Task description: Once the line with "Het is een spottend" is found in the data, output it and each following line exactly, up to and including the line with "Šī ir uzlabota", and nothing before or after.

Provided records:
------------------------------------
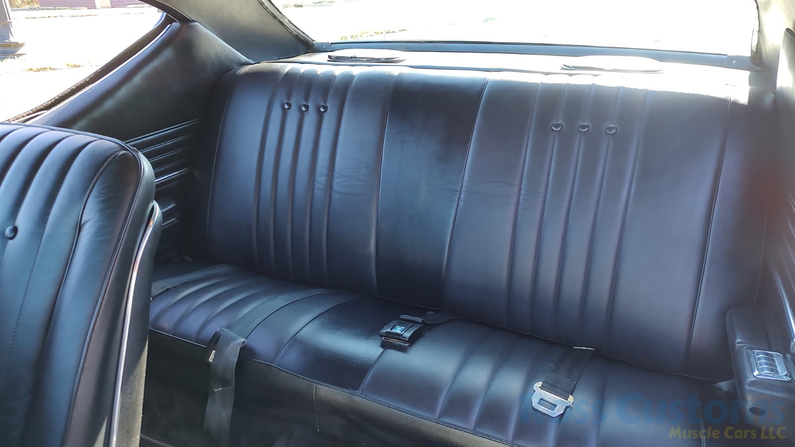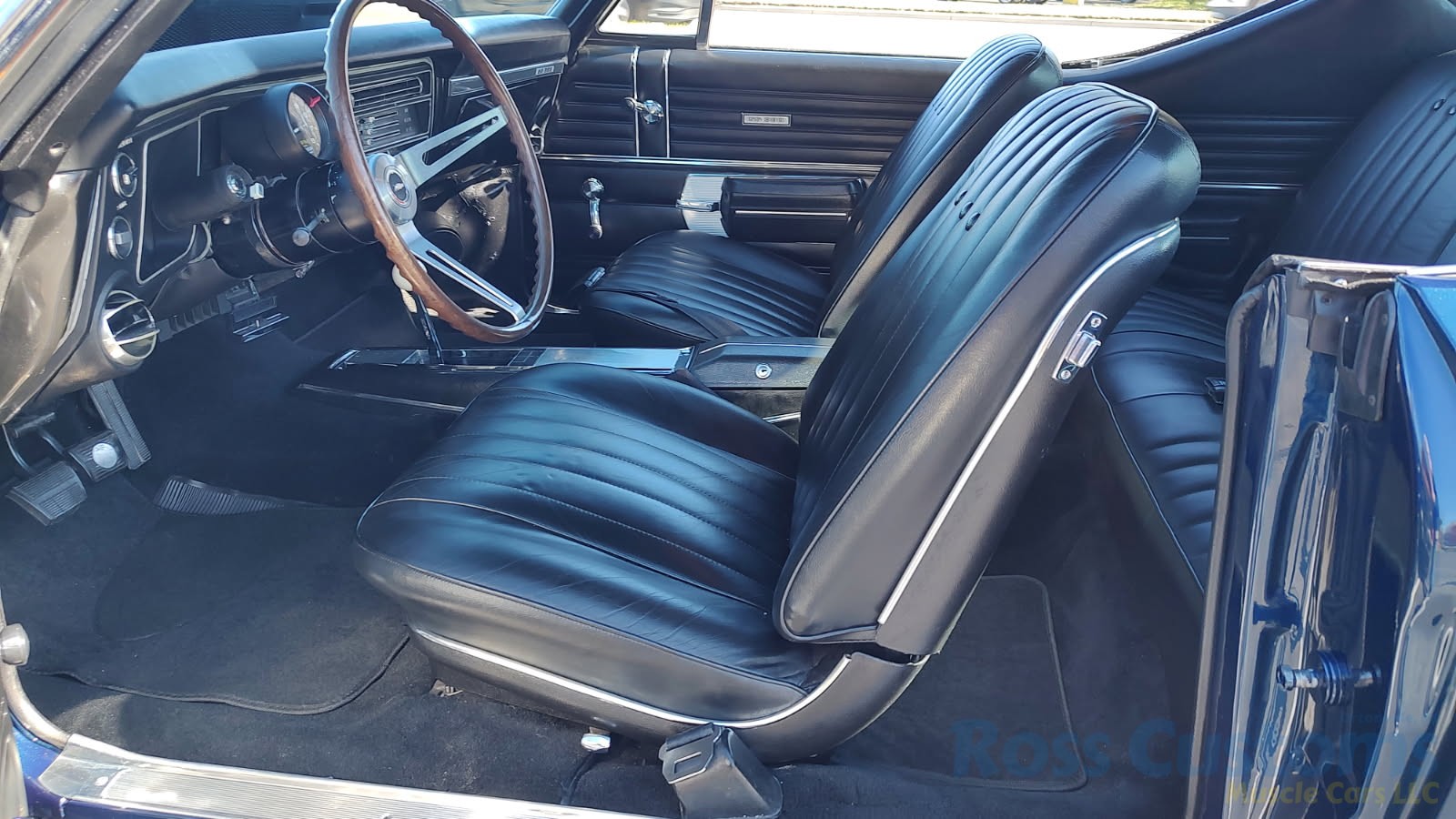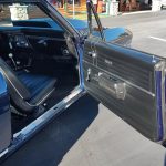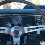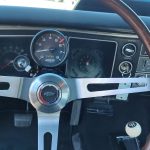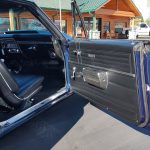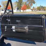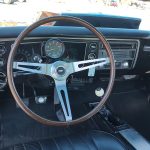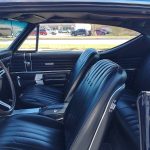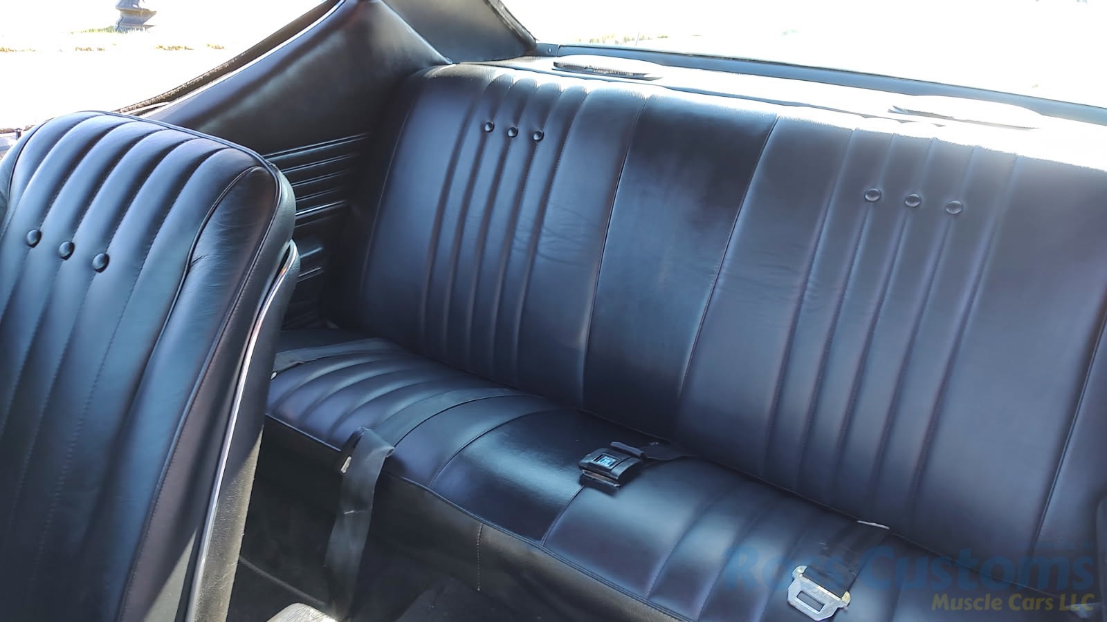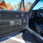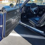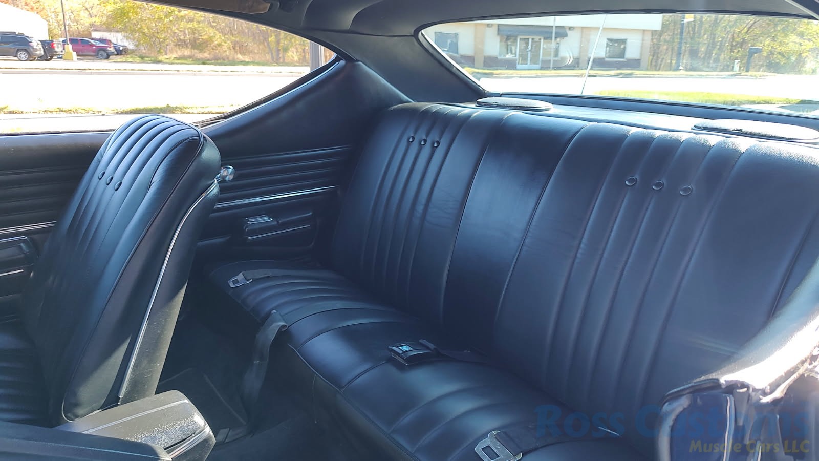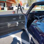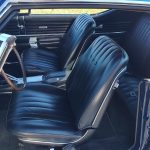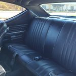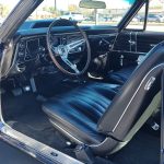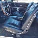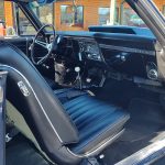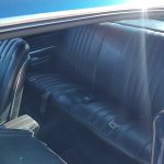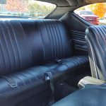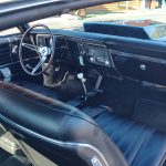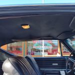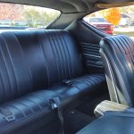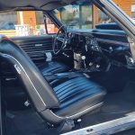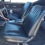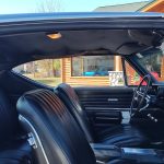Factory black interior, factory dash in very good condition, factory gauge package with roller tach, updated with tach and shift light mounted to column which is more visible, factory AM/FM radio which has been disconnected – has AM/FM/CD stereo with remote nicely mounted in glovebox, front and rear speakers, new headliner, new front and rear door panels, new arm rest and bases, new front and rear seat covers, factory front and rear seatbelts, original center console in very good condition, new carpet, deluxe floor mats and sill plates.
------------------------------------
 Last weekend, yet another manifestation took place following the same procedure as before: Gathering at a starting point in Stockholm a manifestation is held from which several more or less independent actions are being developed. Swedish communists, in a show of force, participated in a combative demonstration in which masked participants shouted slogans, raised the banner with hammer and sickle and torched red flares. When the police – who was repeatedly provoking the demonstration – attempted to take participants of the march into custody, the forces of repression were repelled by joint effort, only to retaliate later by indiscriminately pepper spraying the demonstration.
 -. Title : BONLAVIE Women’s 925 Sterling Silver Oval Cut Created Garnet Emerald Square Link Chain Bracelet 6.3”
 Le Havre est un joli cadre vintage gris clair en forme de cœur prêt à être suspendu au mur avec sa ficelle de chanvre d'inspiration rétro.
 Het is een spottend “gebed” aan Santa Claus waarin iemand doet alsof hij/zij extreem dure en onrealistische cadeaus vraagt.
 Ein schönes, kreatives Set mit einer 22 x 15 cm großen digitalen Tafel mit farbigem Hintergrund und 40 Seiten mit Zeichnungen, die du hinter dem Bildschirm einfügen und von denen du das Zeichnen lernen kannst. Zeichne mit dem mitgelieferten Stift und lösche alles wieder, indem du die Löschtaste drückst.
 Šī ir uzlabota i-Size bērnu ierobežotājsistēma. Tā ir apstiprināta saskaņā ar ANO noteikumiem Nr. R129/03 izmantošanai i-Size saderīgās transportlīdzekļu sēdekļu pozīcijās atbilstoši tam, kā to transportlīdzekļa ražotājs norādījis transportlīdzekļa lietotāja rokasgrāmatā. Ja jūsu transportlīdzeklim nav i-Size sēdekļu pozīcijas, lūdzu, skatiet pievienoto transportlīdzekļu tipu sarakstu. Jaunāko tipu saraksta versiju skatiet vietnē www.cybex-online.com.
------------------------------------
Finished exercise:
 Het is een spottend “gebed” aan Santa Claus waarin iemand doet alsof hij/zij extreem dure en onrealistische cadeaus vraagt.
 Ein schönes, kreatives Set mit einer 22 x 15 cm großen digitalen Tafel mit farbigem Hintergrund und 40 Seiten mit Zeichnungen, die du hinter dem Bildschirm einfügen und von denen du das Zeichnen lernen kannst. Zeichne mit dem mitgelieferten Stift und lösche alles wieder, indem du die Löschtaste drückst.
 Šī ir uzlabota i-Size bērnu ierobežotājsistēma. Tā ir apstiprināta saskaņā ar ANO noteikumiem Nr. R129/03 izmantošanai i-Size saderīgās transportlīdzekļu sēdekļu pozīcijās atbilstoši tam, kā to transportlīdzekļa ražotājs norādījis transportlīdzekļa lietotāja rokasgrāmatā. Ja jūsu transportlīdzeklim nav i-Size sēdekļu pozīcijas, lūdzu, skatiet pievienoto transportlīdzekļu tipu sarakstu. Jaunāko tipu saraksta versiju skatiet vietnē www.cybex-online.com.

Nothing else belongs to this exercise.